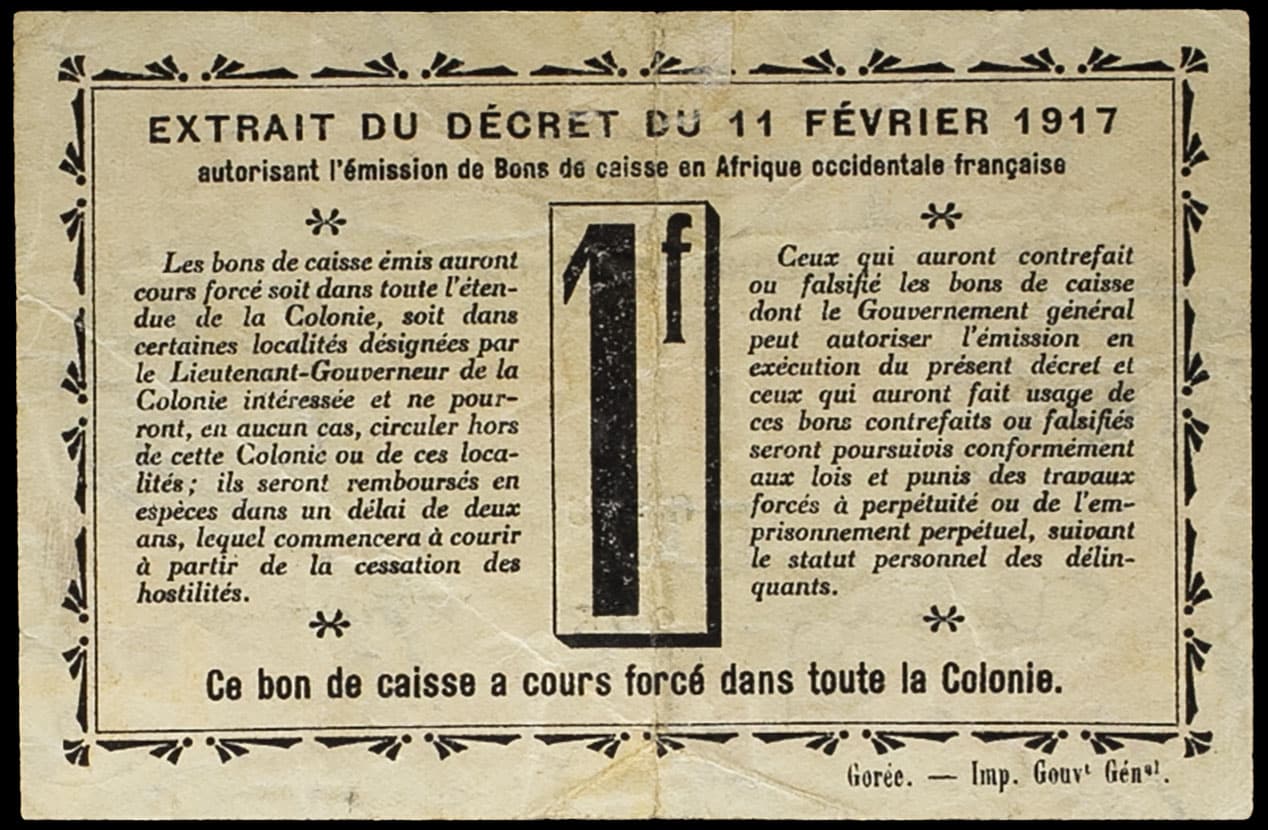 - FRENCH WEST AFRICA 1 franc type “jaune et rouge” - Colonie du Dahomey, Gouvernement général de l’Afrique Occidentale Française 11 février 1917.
++++++++++
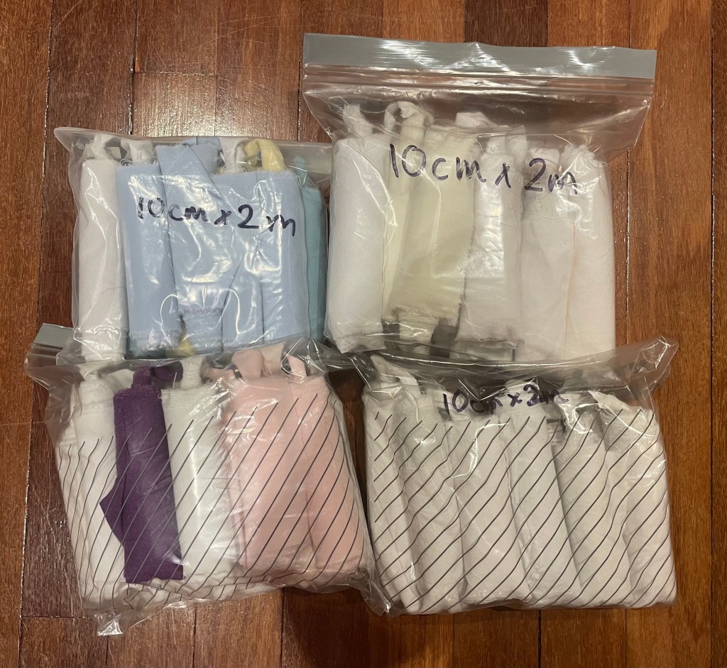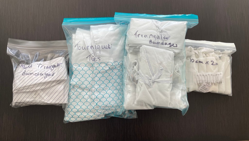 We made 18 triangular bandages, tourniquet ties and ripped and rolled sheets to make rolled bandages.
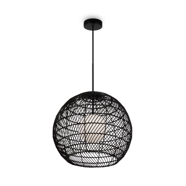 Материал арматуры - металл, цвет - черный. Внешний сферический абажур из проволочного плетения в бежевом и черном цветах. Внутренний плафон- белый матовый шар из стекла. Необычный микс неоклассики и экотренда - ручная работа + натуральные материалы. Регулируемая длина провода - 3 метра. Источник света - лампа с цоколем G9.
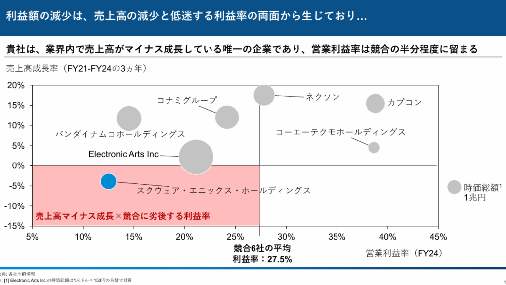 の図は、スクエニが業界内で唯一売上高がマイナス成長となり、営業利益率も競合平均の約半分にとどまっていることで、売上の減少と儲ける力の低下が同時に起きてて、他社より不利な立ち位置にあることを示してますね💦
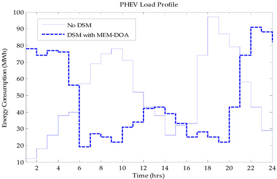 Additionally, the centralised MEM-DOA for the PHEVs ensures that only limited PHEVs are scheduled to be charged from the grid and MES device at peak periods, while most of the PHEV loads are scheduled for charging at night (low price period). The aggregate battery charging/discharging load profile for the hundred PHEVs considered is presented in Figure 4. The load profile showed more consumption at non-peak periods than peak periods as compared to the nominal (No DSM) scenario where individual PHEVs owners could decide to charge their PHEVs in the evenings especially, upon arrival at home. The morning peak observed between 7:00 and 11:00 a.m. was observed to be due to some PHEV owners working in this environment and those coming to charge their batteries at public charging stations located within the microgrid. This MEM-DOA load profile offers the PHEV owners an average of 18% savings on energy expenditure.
++++++++++
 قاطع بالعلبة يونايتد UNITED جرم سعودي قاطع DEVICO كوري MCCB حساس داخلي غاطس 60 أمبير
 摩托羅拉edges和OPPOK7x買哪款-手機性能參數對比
++++++++++
The problem: Working from the data above, repeat exactly, and only, the lines that begin at the line containing "Материал арматуры - металл, цвет" and stop after the line containing "の図は、スクエニが業界内で唯"; pictures are not copied.

Exercise response:
 Материал арматуры - металл, цвет - черный. Внешний сферический абажур из проволочного плетения в бежевом и черном цветах. Внутренний плафон- белый матовый шар из стекла. Необычный микс неоклассики и экотренда - ручная работа + натуральные материалы. Регулируемая длина провода - 3 метра. Источник света - лампа с цоколем G9.
 の図は、スクエニが業界内で唯一売上高がマイナス成長となり、営業利益率も競合平均の約半分にとどまっていることで、売上の減少と儲ける力の低下が同時に起きてて、他社より不利な立ち位置にあることを示してますね💦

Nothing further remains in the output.